* Instructions for the task *
Every line in the listing below from the one with "The image displays" through the one with "Forst (ein Teil" is to be reproduced exactly, both ends included; leave out the rest.

* Source material *
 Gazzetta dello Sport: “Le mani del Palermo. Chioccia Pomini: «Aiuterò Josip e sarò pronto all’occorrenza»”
...
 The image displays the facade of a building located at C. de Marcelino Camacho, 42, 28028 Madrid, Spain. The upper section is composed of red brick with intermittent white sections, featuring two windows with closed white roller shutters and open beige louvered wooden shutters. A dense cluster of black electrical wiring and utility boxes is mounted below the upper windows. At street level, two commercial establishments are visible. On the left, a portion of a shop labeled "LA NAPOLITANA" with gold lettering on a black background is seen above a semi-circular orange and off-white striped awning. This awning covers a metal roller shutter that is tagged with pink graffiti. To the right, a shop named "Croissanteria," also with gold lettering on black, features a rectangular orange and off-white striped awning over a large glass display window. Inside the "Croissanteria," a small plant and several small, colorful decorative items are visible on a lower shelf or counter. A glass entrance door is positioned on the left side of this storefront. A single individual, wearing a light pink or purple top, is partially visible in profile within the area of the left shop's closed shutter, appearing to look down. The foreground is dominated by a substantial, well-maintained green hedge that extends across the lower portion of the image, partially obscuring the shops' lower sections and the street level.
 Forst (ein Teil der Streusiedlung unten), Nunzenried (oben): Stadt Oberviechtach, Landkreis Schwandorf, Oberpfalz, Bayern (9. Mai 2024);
* * *
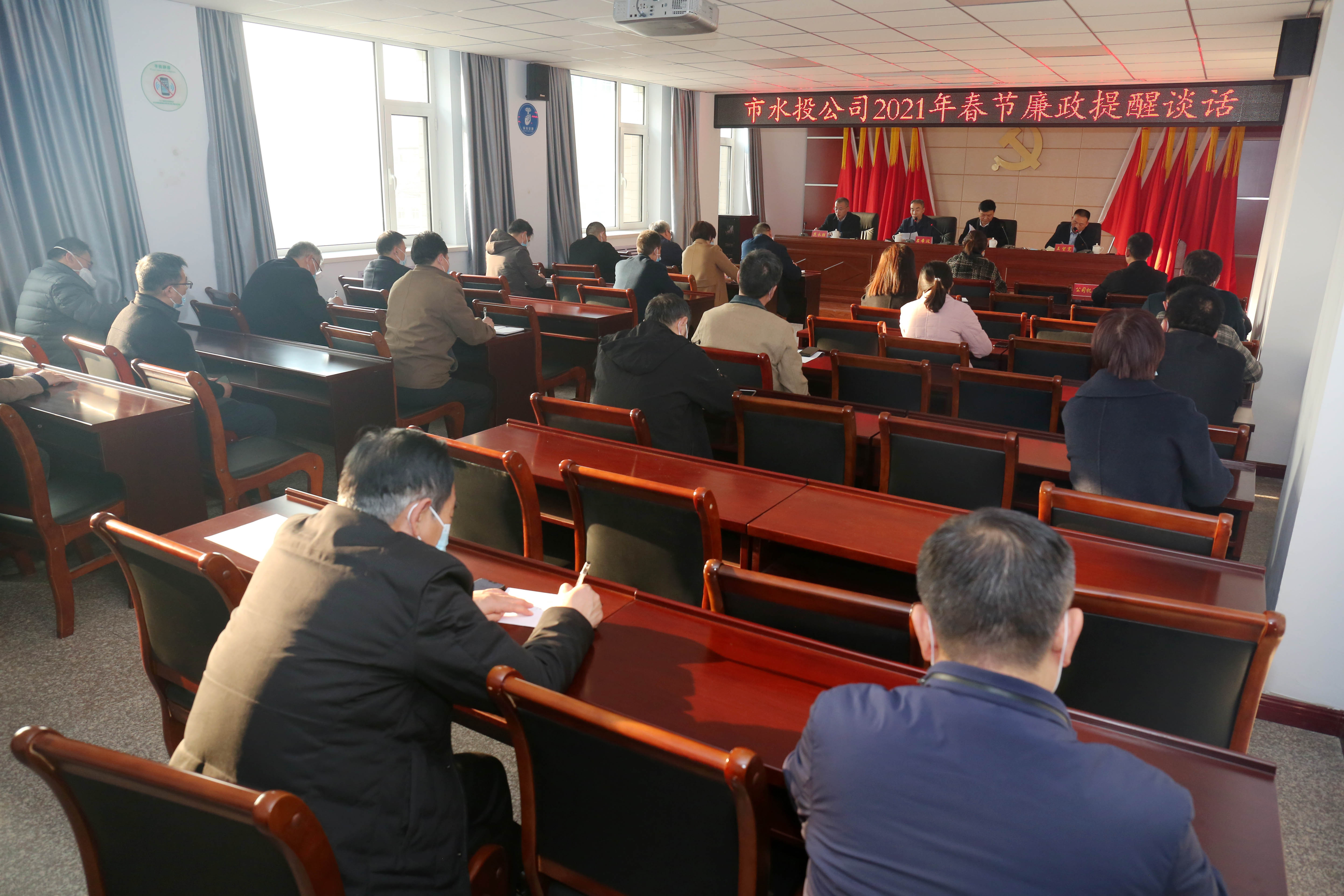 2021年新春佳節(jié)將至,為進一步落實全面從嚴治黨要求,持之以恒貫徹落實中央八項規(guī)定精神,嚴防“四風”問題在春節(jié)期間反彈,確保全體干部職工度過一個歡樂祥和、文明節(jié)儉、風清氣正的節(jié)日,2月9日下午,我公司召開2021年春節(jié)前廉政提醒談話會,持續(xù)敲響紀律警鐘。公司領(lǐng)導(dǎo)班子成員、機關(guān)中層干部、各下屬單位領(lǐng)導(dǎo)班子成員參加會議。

* Exercise answer *
 The image displays the facade of a building located at C. de Marcelino Camacho, 42, 28028 Madrid, Spain. The upper section is composed of red brick with intermittent white sections, featuring two windows with closed white roller shutters and open beige louvered wooden shutters. A dense cluster of black electrical wiring and utility boxes is mounted below the upper windows. At street level, two commercial establishments are visible. On the left, a portion of a shop labeled "LA NAPOLITANA" with gold lettering on a black background is seen above a semi-circular orange and off-white striped awning. This awning covers a metal roller shutter that is tagged with pink graffiti. To the right, a shop named "Croissanteria," also with gold lettering on black, features a rectangular orange and off-white striped awning over a large glass display window. Inside the "Croissanteria," a small plant and several small, colorful decorative items are visible on a lower shelf or counter. A glass entrance door is positioned on the left side of this storefront. A single individual, wearing a light pink or purple top, is partially visible in profile within the area of the left shop's closed shutter, appearing to look down. The foreground is dominated by a substantial, well-maintained green hedge that extends across the lower portion of the image, partially obscuring the shops' lower sections and the street level.
 Forst (ein Teil der Streusiedlung unten), Nunzenried (oben): Stadt Oberviechtach, Landkreis Schwandorf, Oberpfalz, Bayern (9. Mai 2024);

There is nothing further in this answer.